An Inspiring Day in Durham at Take No Bull 2019

This past Friday, I was fortunate enough to attend the third annual Take No Bull Women’s Conference right here in Durham. Held on International Women’s Day, the event was hosted by the Greater Durham Chamber of Commerce for women across industries who want to be more intentional about their personal and professional growth.

It was an inspiring experience and made me think more about my role at Cloud Giants. Though the topics were relevant to women across the workforce, I can relate a lot of what I heard from the event speakers, like friend of Cloud Giants and CEO of Momentum Learning Jessica Mitsch, to my work with Salesforce and Salesforce consultants.

If you were also in attendance, I’d love to hear what your key takeaways were and how they relate to your role. Here are the ones that struck a chord with me.

Learn to self-promote.

Self-promotion helps show value, develop your personal brand, and ultimately, advance your career. It’s an important part of showing your growth.

How It Relates to Salesforce

As a Salesforce Administrator or Product Owner, it can be difficult to explain the value you provide to your organization. At Cloud Giants, we work to identify key metrics and measure them ahead of making changes. That way, we have a before and after picture that can demonstrate their impact.

We want to give our champion a success story to tell, and quantifying our success through key metrics is essential to crafting this story. The more quantifiable an impact, the easier it is to demonstrate value.

This also touches on change management and the always hot topic of buy-in. Being able to demonstrate the value of an action is a useful strategy for promoting user adoption and getting your most reticent user on board.  

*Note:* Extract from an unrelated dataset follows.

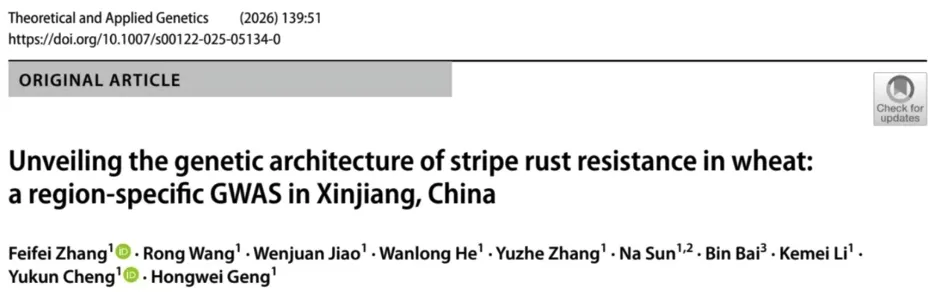上述研究成果由新疆农业大学农学院博士研究生张飞飞与已毕业硕士生王荣并列第一作者,程宇坤副教授和耿洪伟教授为通讯作者,在《Theoretical And Applied Genetics》期刊发表,题目为“Unveiling the genetic architecture of stripe rust resistance in wheat: a region specific GWAS in Xinjiang, China”的研究论文。该研究得到伊犁谷地主要作物病虫害绿色防控技术研发项目(2022B02015-3)、中国博士后科学基金 (2021MD703887)和新疆维吾尔自治区重大科技专项项目(2024A02003-2)项目资助。

We also prize discussion of how the work we do ties to the company’s overall objectives and goals. If the work isn’t aligned, why is it valuable?

Regularly practice self-forgiveness.

It’s probably a safe bet that most of us have been haunted by something awkward or embarrassing we did years ago. We all make mistakes and letting go of these helps us move forward faster. It’s all part of the learning process and embracing this, rather than fighting it, allows for the time and space true growth requires.

How It Relates to Salesforce

We’ve all designed something that we later determine is no longer the right solution because of new information, system changes, or unforeseen processes. It’s easy to recognize that it’s no longer working and view it as a roadblock. This often happens when you try to build a perfect solution from the start.

We minimize this risk by following an agile methodology to build and then iterate. By focusing on the right solution over time based on our partnership together, we’re able to deliver value throughout our partnership with clients. When new information comes our way, we can build on what’s working rather than getting jammed by what’s not.

Reach people on their level.

Lori Jones-Gibbs and Jessica Mitsch led a breakout session on Navigating Today’s Inter-Generational Workforce session. One question that Jessica fielded was around how to give feedback to millennials. She shared that regardless of who is getting feedback, it can either feel like condemnation or conviction.

When feedback is shaped as condemnation, the conversation focuses on the failure itself. It’s a leadership pitfall and a missed opportunity for reconnection and realignment.

In the case of conviction, the manager offers support and expresses the desire to foster improvement. It circles back to understanding that the learning process involves occasional missteps.

How It Relates to Salesforce

Most organizations are searching for the right Salesforce partner because of current pain points in their Salesforce system. They know them. They work around them every day. Our job — and one we really love getting to do — is helping them tackle those head on and provide a way forward.

To do this, we seek to identify and understand existing processes and solutions before we can build enhancements or new functionality.  This allows us the opportunity to provide feedback to our customers. At this point, Jessica’s message applies. We need to ensure we give this feedback in a way that doesn’t vilify an individual or team but instead offers a path forward, painting what the future can look like.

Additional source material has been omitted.